Aiming to compare the performance between neural models from different generations in solving pattern recognition tasks, six different configurations were considered, as shown in Table 2, observing the following details:(i)α configurations employ the parameters defined in [35], focusing on developing second-generation partially connected ANNs(ii)β configurations aim to be an homology of α configurations but used to produce third-generation partially connected ANNs(iii)γ configurations are defined as β configurations but employing DE as search engine instead of GA

Parameters between configurations were matched to make a comparison as fair as possible. Furthermore, configurations labeled with subscript 1 look upon the squared error as the fitness function to guide the evolutionary process, while configurations labeled with subscript 2 consider the accuracy error of the design set.

In order to guarantee statistical significance, the central limit theorem [71] is satisfied by performing 33 experiments for each configuration. Specific parameters used in this framework for configurations β and γ are provided next.Temporal Encoding: The one-dimensional encoding scheme observes a temporal range from 0.01 to 9 milliseconds (ms).SRM: membrane potential time constant τ = 9; target: {12 ms, 15 ms, 18 ms, … .} (depending on the number of classes in the dataset); simulation time [10 ms, target of the last class plus two]; threshold θ = 1 millivolts (mV); weight range ∈ [−999.99, 999.99]; and delay range ∈ [0.01, 19.99] (ms).GA: binary search space [0, 1], codon size = 8; individual dimension = 4000 (500 codons); population size = 100; function calls = 1,000,000; K-tournament (K = 5) selection operator; elitism percentage = 10%; one-point crossover operator; mutation: bit-negator mutation operator (5%).DE: real search space [0, 255]; individual dimension = 500; function calls = 1,000,000; population size = 100; crossover rate = 10%; mutation: DE/Rand/1.

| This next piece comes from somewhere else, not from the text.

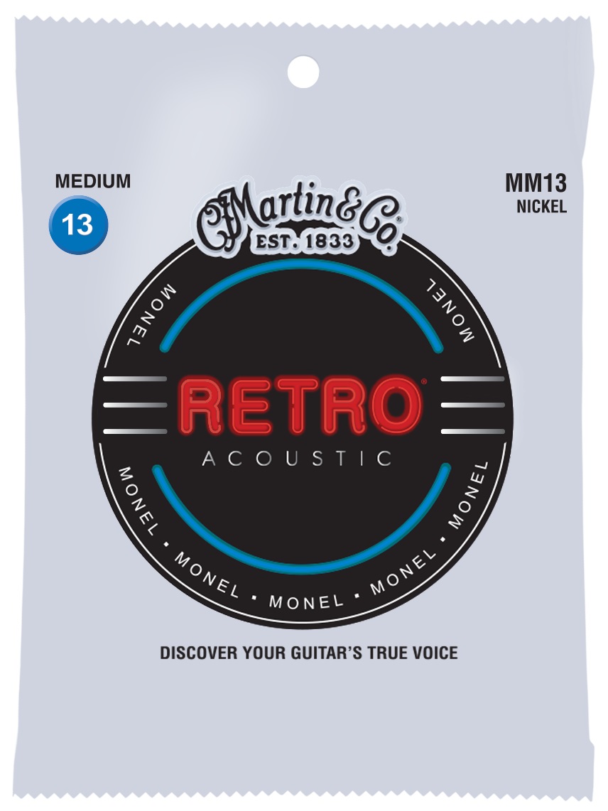 Kovové struny pro akustickou kytaru Společnost Martin přichází s vintage strunami Retro, které dokáží autenticky vyzdvihnout zvukový charakter kytarového dřeva bez zbytečných příkras. Díky tomu může jejich zvuk připomínat vintage nástroje z počátku dvacátého století. Unikátní konstrukce ze směsi niklu a mědi (známé také jako monel) vdechne vaší kytaře nový život a podpoří její přirozenost. Monel je navíc přirozeně odolný proti korozi, takže si struny zachovají jasný a konzi

Tables 3 and 4 show the results obtained by carrying out the aforementioned methodology. Accuracy value ∈ [0, 1] grades the average performance of the configurations applied to classify specific datasets, along with its corresponding standard deviation, for all experiments made. Design accuracy relates with the performance of the best network topology obtained by the evolutionary algorithm, whilst test accuracy indicates the performance of such network applied to the test subset; highest values are indicated in boldface.

As well, Tables 5 and 6 show some of the features of the generated topologies, focusing on the average amount of input vector features actually employed by the networks, and its corresponding rate regarding the total size of the original input vector; besides, the average number of hidden units and synapses present in the generated networks. In Supplementary Materials, some examples of SNNs' topologies with best obtained results are shown; each example contains the benchmark dataset, used configuration, accuracies of design and test phases, the generated word, and the network topology.

4. Comparative Statistical Analysis

As detailed in the previous section, data samples from performing thirty-three independent experiments for each configuration on every dataset were obtained. Thereupon, several statistical tests [72] were applied to these data. First of all, a Shapiro–Wilk [73] test was applied to determine the normality of the samples. Such test showed that data can indeed be modelled under normal distributions. Further analysis was divided into three tests applied to configurations using squared error as fitness function, configurations using accuracy error as fitness function, and all configurations.

4.1. Test of Designs Driven by Squared Error Fitness Function

In order to verify statistical significance of the results, analysis of variance (ANOVA [74]) tests were applied to determine if, firstly, implementing different methodologies to develop weighed network topologies impacts on the accuracy of classification and secondly, to identify which of these methodologies offers the best performance. Table 7 shows the results obtained by two-way ANOVA test, observing as independent variables both configurations and datasets.

ANOVA’s null hypothesis (H0) dictates that observed samples come from one unique normal distribution. As p values (Pr(>F) in Table 7) are smaller than the significance value of 0.05, there is not enough evidence to accept H0, ergo rejecting that samples are statistically similar. In other words, it can be conclude that configurations come from different distributions. This test provides relevant statistical evidence to support the conclusion that changing the methodology while generating weighted topologies influences the classification accuracy of the networks.

Pairwise t-tests and Tukey HSD [75] tests were applied next. As in the ANOVA test, the null hypothesis in both tests assumes that samples come from a single distribution. Table 7 shows t-test p values with a Bonferroni correction. Based on these results, it can be inferred that, with statistical significance, configuration can be considered different from and configurations, based on a significance level of 0.05. Subsequently, Tukey HSD test results can be found in Table 7, to uphold that configuration is significantly different from the other configurations. Once the previous results were found, a higher performance for configuration is noticeable in the three left-most configurations shown in, e.g., Fertility (Figure 5), Glass (Figure 6), and Ionosphere (Figure 7), performance box plots.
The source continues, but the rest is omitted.